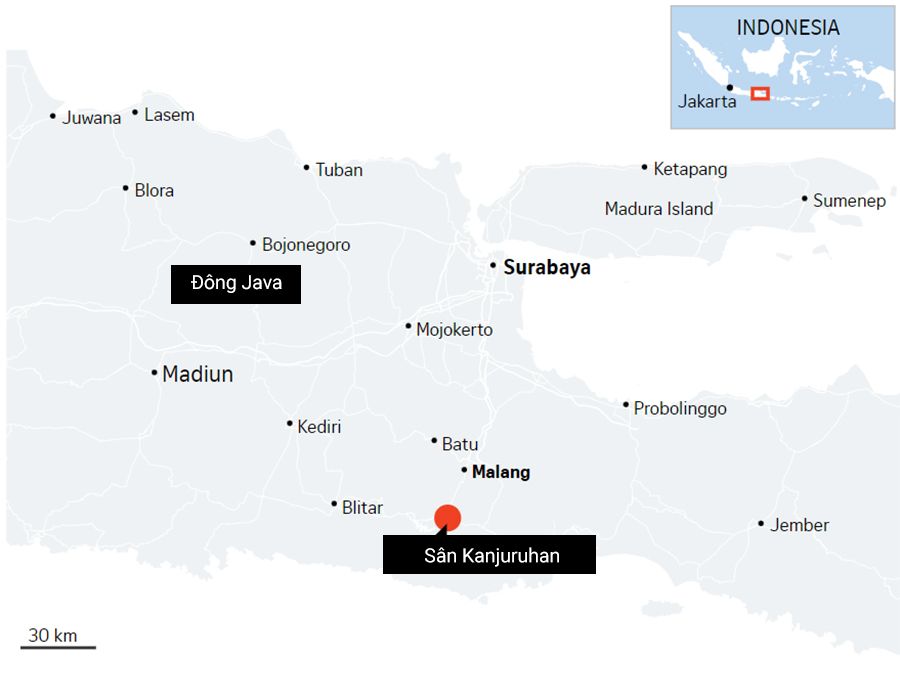 Trận bóng tại tỉnh Đông Java đã kết thúc bằng thảm kịch, khi cổ động viên của đội bại trận - Arema FC - tràn xuống sân thi đấu, khiến cảnh sát phải bắn hơi cay để kiểm soát tình hình.
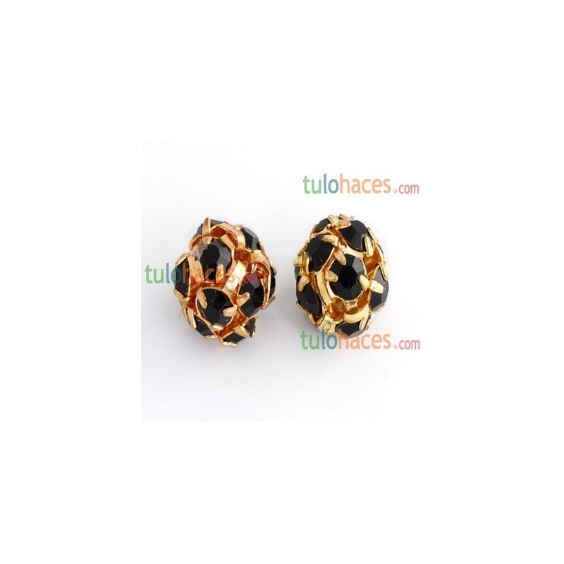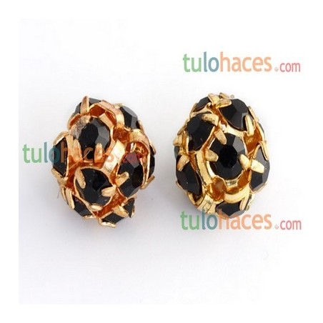Bola rondel 8 mm. Pedrería dorada y Jet
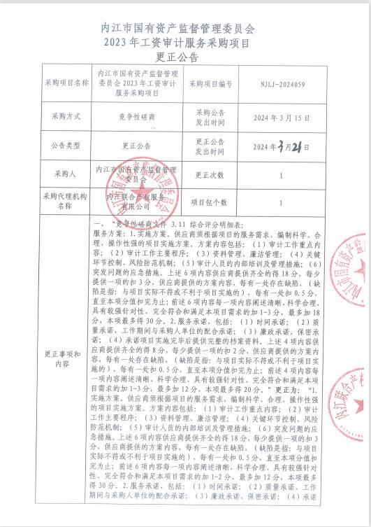 內(nèi)江市國有資產(chǎn)監(jiān)督管理委員會2023年工資審計服務(wù)采購項目更正公告
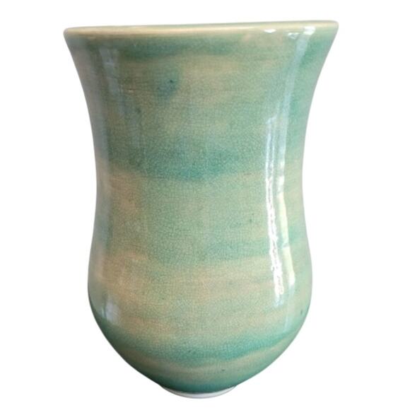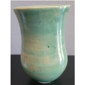 VTG MCM Light Green Studio Glazed Pottery Vase 8 inches Tall
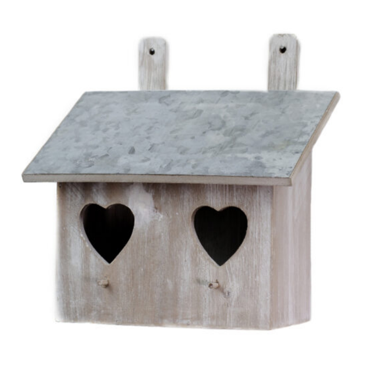 Búdka pre vtáctvo má dva vletové otvory v tvare srdca. Pod každým otvorom je pripevnené malé bidielko, na ktoré si vtáčik pohodlne pristane. V záhrade môžete búdku pre vtáctvo zavesiť na strom alebo na stenu kôlne. Bude peknou ozdobou vašej záhrady a vtáčikom zase poskytne bezpečný domov.

---+---

Give the lines again exactly, beginning with the first line of the records above and ending with the line that contains "內(nèi)江市國有資產(c", and include no pictures.

 Trận bóng tại tỉnh Đông Java đã kết thúc bằng thảm kịch, khi cổ động viên của đội bại trận - Arema FC - tràn xuống sân thi đấu, khiến cảnh sát phải bắn hơi cay để kiểm soát tình hình.
Bola rondel 8 mm. Pedrería dorada y Jet
 內(nèi)江市國有資產(chǎn)監(jiān)督管理委員會2023年工資審計服務(wù)采購項目更正公告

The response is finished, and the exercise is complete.